▸ **ENTRIES SUPPLIED**
=====
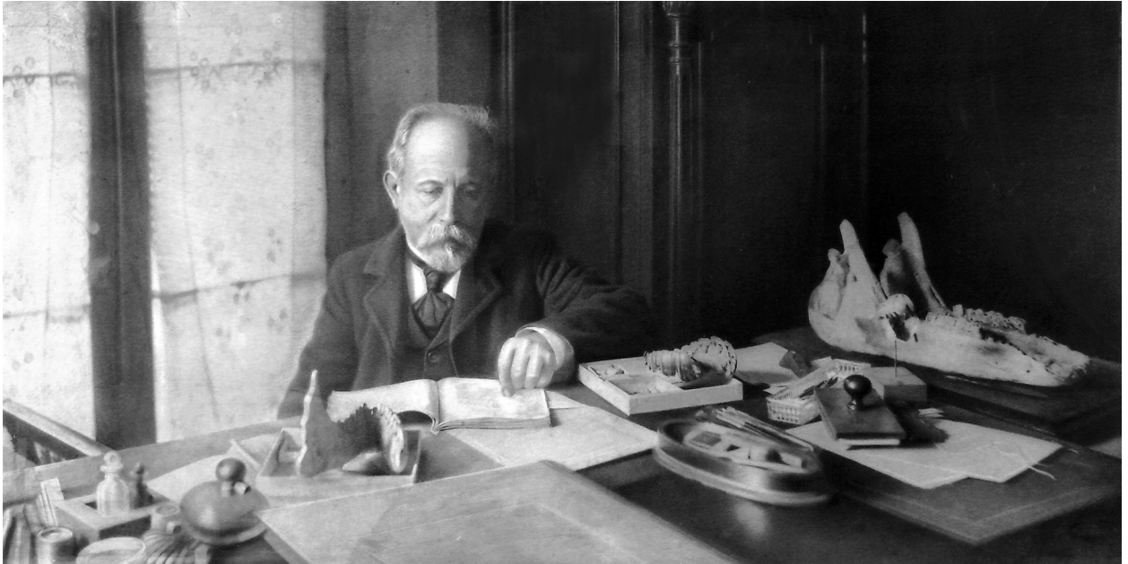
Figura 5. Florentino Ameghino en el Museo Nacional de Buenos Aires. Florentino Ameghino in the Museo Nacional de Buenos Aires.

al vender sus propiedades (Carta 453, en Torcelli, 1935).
=====
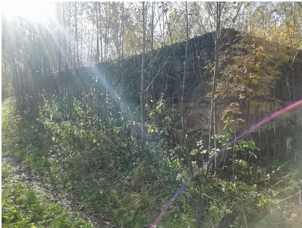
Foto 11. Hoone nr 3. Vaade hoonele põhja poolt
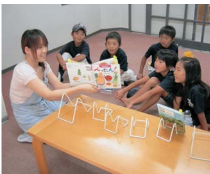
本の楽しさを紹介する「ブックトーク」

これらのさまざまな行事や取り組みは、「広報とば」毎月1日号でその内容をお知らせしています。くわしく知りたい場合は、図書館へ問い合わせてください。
=====
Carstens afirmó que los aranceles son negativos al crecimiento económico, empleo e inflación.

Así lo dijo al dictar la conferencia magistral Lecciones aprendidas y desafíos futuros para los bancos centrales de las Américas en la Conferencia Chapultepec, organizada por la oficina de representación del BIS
=====
▸ **TRY IT**
Pictures aside, return exactly the lines from the data above, starting at the line that has "Foto 11. Hoone" and ending at the line that has "これらのさまざまな行事や取り", both included.

▸ **ANSWER TO THE EXERCISE**
Foto 11. Hoone nr 3. Vaade hoonele põhja poolt
本の楽しさを紹介する「ブックトーク」

これらのさまざまな行事や取り組みは、「広報とば」毎月1日号でその内容をお知らせしています。くわしく知りたい場合は、図書館へ問い合わせてください。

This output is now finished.